> [Information supplied]
====================
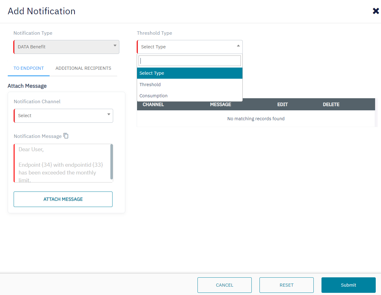 DATA Benefit - Based on the notification configuration, a notification is sent to the customer or additional recipients about the DATA benefit available in the base plan.
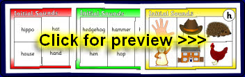 Printable bingo boards and picture cards where children match the pictures to the words featuring the initial sound ‘h’.
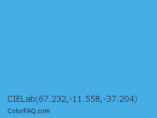 CIELab 67.232,-11.558,-37.204 Color is a normal blue color and the nearest color is Picton Blue #45b1e8. Hex code #47ade6 and RGB value is rgb(71,173,230). In RGB color space, this color is composed of 28% red, 68% green, 90% blue, In CMYK color space, this color is composed of 69% cyan, 25% magenta, 0% yellow , 10% black , In HSL color space, this color has a hue angle of 202° , 76% saturation and 59% lightness.
====================
Every word of the material, and none of its pictures, should be set down again.

 DATA Benefit - Based on the notification configuration, a notification is sent to the customer or additional recipients about the DATA benefit available in the base plan.
 Printable bingo boards and picture cards where children match the pictures to the words featuring the initial sound ‘h’.
 CIELab 67.232,-11.558,-37.204 Color is a normal blue color and the nearest color is Picton Blue #45b1e8. Hex code #47ade6 and RGB value is rgb(71,173,230). In RGB color space, this color is composed of 28% red, 68% green, 90% blue, In CMYK color space, this color is composed of 69% cyan, 25% magenta, 0% yellow , 10% black , In HSL color space, this color has a hue angle of 202° , 76% saturation and 59% lightness.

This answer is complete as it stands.